I came across this link - it may be common knowledge, but I hadn't seen it before. Although it seems to be headed 2006, it refers to 2002-2005 cars.
eg - the interior lights will only stay on for 16 minutes no matter what - see page 30.....
eg - the crash inertia switch was moved & combined with the airbag module in November '02.
http://wtxmc.org/MiniCooperDocs/BODY...L%20MODULE.pdf
A very common problem seems to be water getting into the Body Control Module BCM or BC1 to the right side of the right footwell & I suspect that's where your problem lies.
It seems to me that if you change it, rather than dry it out or fix it, you also have to change other modules & then get the whole lot re-programmed at a dealership. Others may know differently.
As a result of another thread, I've discovered that it's possible to lock someone in the car, using the key fob, & they cannot get out. Two people at least have died as a result of this feature. Whilst I understand it's common in Europe & on a few USA MB, BMW & Land Rovers, I consider it to be a potentially lethal arrangement - in fact I'm surprised it's allowed by law.
Good luck - please let us know how you get on.
Mike
_________________________
MVPeters@comcast.net
MVPETERS - Your post just came off a little too snooty. Wasn't gonna take the bait but just couldn't resist. So.....

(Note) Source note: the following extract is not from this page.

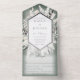 This simple yet elegant design has a frame of beige tan wheat, grasses on a soft white blur overlay with a green background. The front flap contains the bride and groom's first initials. This design is available with or without dinner options on the RSVP card. Go to my store, Simply Farmhouse Press to choose either version. Personalised All-In-One invitations are a unique combination of both a beautifully printed custom invitation with an easy to tear off perforated RSVP postcard. And they are so easy to use! You simply fold, then seal the back flap with the three included clear stickers, and mail. And when your guests receive your custom invite, they just tear the perforated RSVP Card off and drop it back in the mail to you!
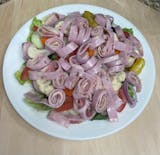 Iceberg and romaine lettuce, tomatoes, onions, black olives, cucumbers, roast beef, turkey and cheese.

Oh great and powerful Oz (MVPeters) please look kindly on us mere mortals who attempt to help others and describe our own challenges. Do not rebuke us as we stand in the temple for enlightenment. But, instead share with us your wisdom, for in the light of your ominous-ous, (dibs- new word) our problems evaporate like the morning dew... LOL
Back to reality - MVPeters - agree with you that BCM could indeed cause what OP is seeing but..... first rule of logical troubleshooting, always, always, always check the cheapest, easiest stuff first.
I also agree with you that blowing a 200 amp fuse might indeed cause additional problems. But, in my post, I didn't lie, I did indeed, go to NAPA, bought a new fuse and replaced it and then fired my car up with minimal idiot lights & codes that I promptly cleared. Ran the car within 15 minutes and to this date have not had a single problem. Could be the fuse did not blow, perhaps it was electrolysis corrosion, OR since the entire battery well was FULL, and the fuse was under water, and my carpet was dry, it had a direct path to ground, thus not impacting any of the other delicate electronics located elsewhere. Imply, or call me an idiot, but my car runs well.